People are inclined to be more charitable when they know that we love them. When we take an interest in them. When we actively serve them and they can see us serving them. Stuart Olyott used to say you can say pretty much anything to people if they know that you love them. The Bible itself says that love covers a multitude of sins. And, in our churches, love also covers a multitude of boring sermons. If people know and see that we love them and want to serve them outside of the pulpit, you may be surprised to see just how much more interesting they tend to find our sermons. As someone once put it, in a large church people often let you pastor them because of your preaching, in a small church people tend to let you preach because of how you pastor them.
‘Church isn’t boring!’
I saw a podcast with that title in the last few days. And I have heard the sentiment parroted out lots of times. The only problem is that it often just isn’t true. It’s like when your mum tries the old, ‘tidying your room can be fun!’ line. The statement feels more like something we tell ourselves as some sort of coping mechanism. When the kids say it out loud, they’re only voicing what we know in our heart of hearts to be true. We insist that church isn’t boring because, naturally, we don’t want our kids to hate church. But, let’s be honest, more often than not when they say it, and we insist it isn’t, we know the kids aren’t wrong. Certainly not all the time.

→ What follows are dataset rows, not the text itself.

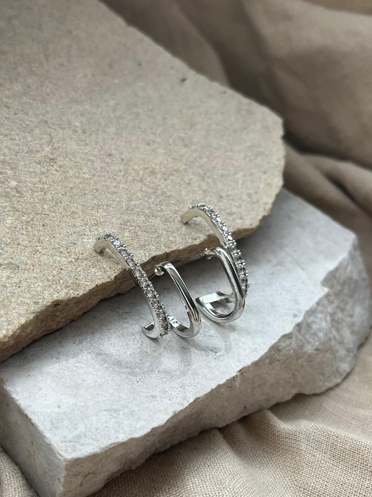 Gümüş Renkli Taşlı İkili Küpe Seti
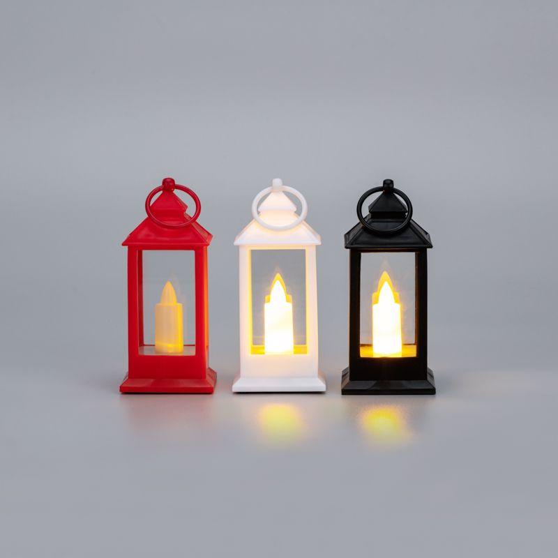 Фонарь декоративный (фигура) 5.5х5.5х12.5см тепл. бел. со свечкой 3хLR1130 (в комплекте) корпус бел./красн./черн. Neon-Night 513-068
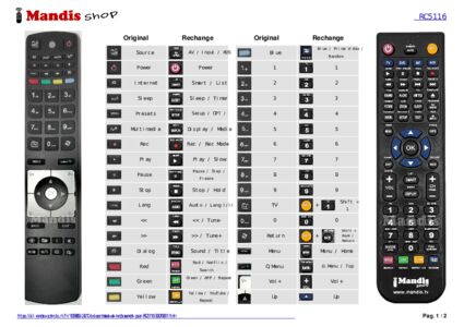 Un document est inclus pour vous aider à utiliser facilement la nouvelle télécommande, en indiquant la correspondance des boutons.
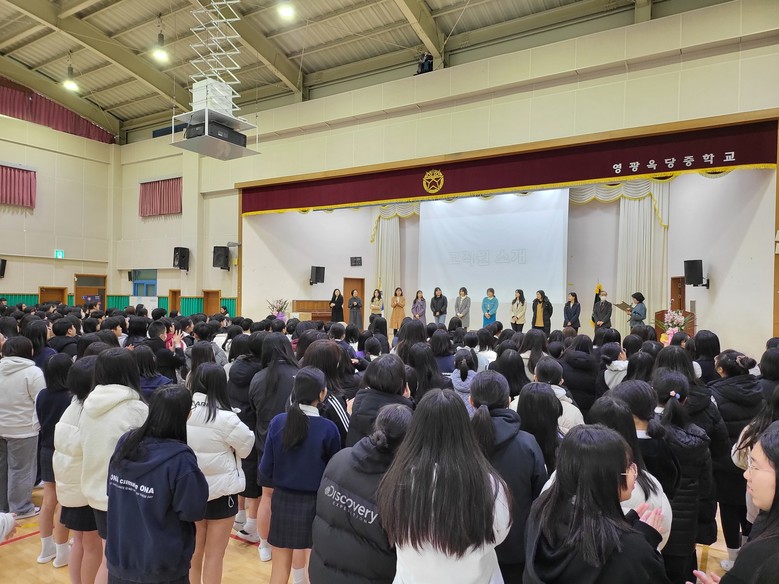 [전남 세계타임즈=우덕현 기자] 전라남도의회 장은영 의원(교육위원, 더불어민주당)이 3월 4일(월) 영광옥당중학교 체육관(미림관)에서 열린 신입생 입학식에 참석했다.
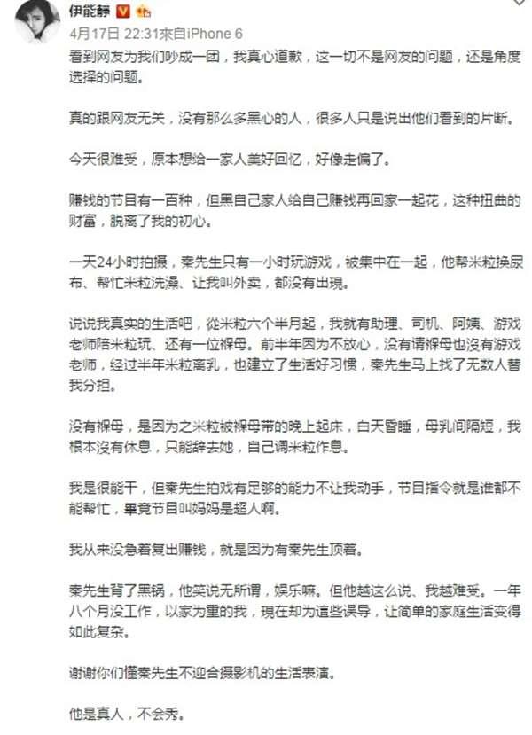 對於外界對老公的批評和抨擊,伊能靜當然也都看在眼裡,也替老公感到委屈,她因而在微博上寫了一段維護老公的「解釋文」,表示其實因為有秦昊,自己的經濟壓力小很多,根本不需要急著復出賺錢,而會參加這個節目,是希望能替家裡留下美好的回憶,坦言一整天24小時的拍攝過程,秦昊僅有一小時玩遊戲,「他幫米粒換尿布,幫忙米粒洗澡、讓我叫外賣,都沒有(在節目中)出現。」

What is perhaps even worse when we take the line that church isn’t boring – when we all know that it was – we give off several unhelpful messages. First, we don’t fool anybody. They know, and we know, and they know that we know, it was boring. All we really do when we insist church isn’t boring when it was (and often is) is that we don’t tell the truth. We are either so undiscerning as to render our opinion valueless or we are liars who can’t be trusted.
Second, we can often end up giving off the impression that being bored is somehow unspiritual. The service might have been dull as ditch water, the sermon about as interesting as watching paint dry – and we all know it because we were all there – but the “spiritual” thing to do is insist it was very interesting. The implication is that if you were bored you have been particularly unspiritual. That line of reasoning leaves us with a lot of people, in a lot of churches, who are incredibly unspiritual or in which spirituality is measured by how frequently you happen to say church was interesting irrespective of whether it was anything of the sort.